MSE Graduate Student Benjamin MacMurray

206 MRS Spring Meeting & Exhibit

MSE Graduate Student, Benjamin Mac Murray (Shepherd Lab) had his presentation at Spring MRS meeting featured in the MRS "Meeting Scene"

Symposium SM2: Bioinspired Dynamic Materials – Synthesis, Engineering and Applications

March 30, 2016

Benjamin Mac Murray, Cornell University

Tunable elastomer foams for simple fabrication of complex, bioinspired soft machines

Written by Devesh Mistry

Benjamin Mac Murray at Cornell University has been investigating bioinspired, pneumatically actuated soft machines. By constructing airtight soft structures, he has been able to produce walkers which can move in a bio-like fashion. A limitation of these walkers is that they can only be fabricated as two-dimensional structures.

Going one step further, Mac Murray has looked to produce much more complex devices, with native three-dimensional structures.
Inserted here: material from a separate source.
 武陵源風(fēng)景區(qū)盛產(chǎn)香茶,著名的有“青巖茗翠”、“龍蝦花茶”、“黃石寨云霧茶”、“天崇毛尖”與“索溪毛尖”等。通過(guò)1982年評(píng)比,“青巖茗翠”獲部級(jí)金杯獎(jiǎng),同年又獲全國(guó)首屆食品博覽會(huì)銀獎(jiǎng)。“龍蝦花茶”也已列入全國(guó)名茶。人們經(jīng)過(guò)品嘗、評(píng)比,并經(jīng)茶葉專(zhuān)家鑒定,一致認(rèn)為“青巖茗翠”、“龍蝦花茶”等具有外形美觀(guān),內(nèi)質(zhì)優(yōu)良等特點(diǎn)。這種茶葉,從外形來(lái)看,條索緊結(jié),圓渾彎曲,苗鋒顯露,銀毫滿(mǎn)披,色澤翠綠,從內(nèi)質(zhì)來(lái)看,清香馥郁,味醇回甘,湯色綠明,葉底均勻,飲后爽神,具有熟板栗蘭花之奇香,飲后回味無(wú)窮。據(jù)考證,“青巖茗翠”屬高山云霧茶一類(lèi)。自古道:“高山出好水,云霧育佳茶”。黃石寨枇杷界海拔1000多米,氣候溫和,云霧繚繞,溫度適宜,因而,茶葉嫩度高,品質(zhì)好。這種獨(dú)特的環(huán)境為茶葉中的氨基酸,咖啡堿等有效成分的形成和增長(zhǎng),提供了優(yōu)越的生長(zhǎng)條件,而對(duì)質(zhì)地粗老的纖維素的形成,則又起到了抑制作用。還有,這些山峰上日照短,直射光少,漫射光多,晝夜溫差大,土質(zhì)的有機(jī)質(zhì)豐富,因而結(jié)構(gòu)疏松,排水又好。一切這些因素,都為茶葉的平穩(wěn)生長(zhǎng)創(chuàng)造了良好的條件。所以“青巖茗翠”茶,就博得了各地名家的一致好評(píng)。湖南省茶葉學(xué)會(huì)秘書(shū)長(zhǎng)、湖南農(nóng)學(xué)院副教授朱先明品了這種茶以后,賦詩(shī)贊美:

By using porous, elastomer foams encased in airtight elastomers, Mac Murray has produced strong and moldable shapes, capable of actuation.
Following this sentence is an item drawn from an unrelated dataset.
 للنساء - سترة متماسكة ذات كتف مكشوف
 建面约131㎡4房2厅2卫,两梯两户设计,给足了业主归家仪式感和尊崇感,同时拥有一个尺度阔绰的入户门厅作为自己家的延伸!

To demonstrate the potential of this technology, Mac Murray produced an artificial heart. As the soft foam actuators of each chamber were alternatively inflated, a pulsating flow was produced. Significantly, the actuators can be driven at frequencies matching the human heart and with flow pressures which match human blood pressures. However, more work is required as the flow rate can only reach one-tenth of the blood flow rate in a human.

Mac Murray also demonstrated the technology as a customizable “glove” for a failing human heart. Such a device could save the lives of those requiring a heart transplant but whom may not live long enough for a suitable donor heart to become available.